Es por eso que lo que escribía o decía el
Obispo de Roma –así era hasta que comenzó el pontificado actual– tenía
una precisión a toda prueba. Encantaba ver no solo la doctrina que se
enseñaba en los pronunciamientos papales sino también la seriedad con
que eran vehiculados. Era un descanso para el espíritu y un estímulo,
suave y fuerte a la vez, para testimoniar la enseñanza que se nos daba.
En los días que corren, a tono con la
mentalidad en boga, ya no es así. Supuestamente, con el pretexto de ser
directo y simple para poder llegar mejor a las personas, se sacrifica
“el esplendor de la verdad” (título de la famosa encíclica de Juan Pablo
II), de esa verdad que ya no se enseña como es. Así, los compromisos
consecuentes en relación a Dios y al prójimo ya no se asumen con
integridad y un sentimentalismo mundano, que puede llegar a arrancar
lágrimas pero no a trasformar corazones, se difunde entre la gente. Los
católicos se sorprenden y se distancian de la verdad y los no católicos
se aproximan de una “neo-verdad”.
Como ejemplo, veamos esta singularidad:
¿Puede decirse que hay un error formal en
esta afirmación de Francisco? Probablemente no. Pero la verdad pide no
solo esplendor sino también precisión.
El problema ya comienza con la fuente. No
es una encíclica, una exhortación o una bula. Es un tuit. Convengamos
que lo que cualquiera utiliza para decir lo que siente o lo que quiere
(a menudo se vehiculan tantas sandeces por ese medio), no es lo más
propio para un pontífice.

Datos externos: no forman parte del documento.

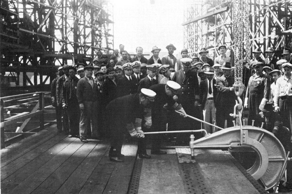 Iowa's keel being laid by Admiral C. H. Woodward, Chief of the Bureau of Construction and Repair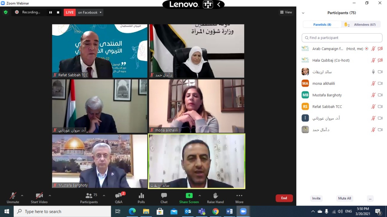 شارك وزير التربية والتعليم أ.د. مروان عورتاني، في افتتاح فعاليات المنتدى النسوي التربوي الفلسطيني، الذي انطلقت فعالياته اليوم افتراضياً؛ بحضور شخصيات وزارية واعتبارية وناشطات نسويات وأكاديميين ومؤثرين وممثلين عن مؤسسات أهلية ومجتمعية.

Pero, de cualquier forma, a ese medio tan
extendido se le podría dar un uso útil e interesante.
Ahora, un error o un simple desliz en un
documento oficial serían alarmantes y pasarían a la historia. En un
tuit, ¿qué valor darles? Pues el que cada uno quiera. Es la manera
desconcertante y “virtual” que tiene Francisco de enseñar.
Asimilar la caridad a la cercanía es tan
verdadero… como falso. Es gris, es… bergogliano. Es una aproximación
demagógica del don y de la virtud más sagrada: la caridad. Porque ser
cercano no especifica ni define el valor moral del acto. Dar una caricia
o mirar a los ojos a alguien, es una exterioridad que no siempre es
sincera y, consecuentemente, no tiene mérito.
Por ejemplo, acariciar a un perro que
salvó vidas en el reciente terremoto, o a un tigre de un circo en la
sala Pablo VI, para una conciencia deformada por el sentimentalismo, es
percibido como caridad. Un partido de fútbol amistoso por los
damnificados o los refugiados, no es objetivamente un acto de caridad,
pero así son llevados a verlo los futbolistas y deportistas que desfilan
sin cesar por Santa Marta. Y seguramente se queden con sus conciencias
tranquilas por esa aparición que no tiene más valor que el publicitario y
demagógico.
También la extraña innovación de lavar
los pies en un jueves santo a musulmanes, denota indiscutiblemente una
cercanía hacia los seguidores del profeta del Islam, pero ¿es ese gesto,
propiamente, un acto de caridad? Si lo hiciera a cardenales o a
monaguillos ¿sería menos caritativo?
El “cuidado de la casa común”, que ahora
Francisco nos dice que quiere agregar a las tradicionales obras de
misericordia (se trata del uso prudente del plástico, del papel, de los
residuos, de la energía, usar transporte público… etc.), también sería
caridad y cercanía a la creación y a los demás. ¿Aunque no se lo haga
por amor de Dios? Este punto es importante porque determina lo que es o
no es caridad. Su llamada “revolución de la ternura” que lo lleva a
abrazar y a besar a miles, ¿se confunde con la caridad cristiana? Parece
que, en su manera de ver, sí.
Esta percepción deja sobreentendido que
exhortar con valentía y contra-corriente, censurar los males del tiempo o
excomulgar cuando es necesario, cosas que siempre han hecho los Papas,
es contrario a la caridad y a la cercanía…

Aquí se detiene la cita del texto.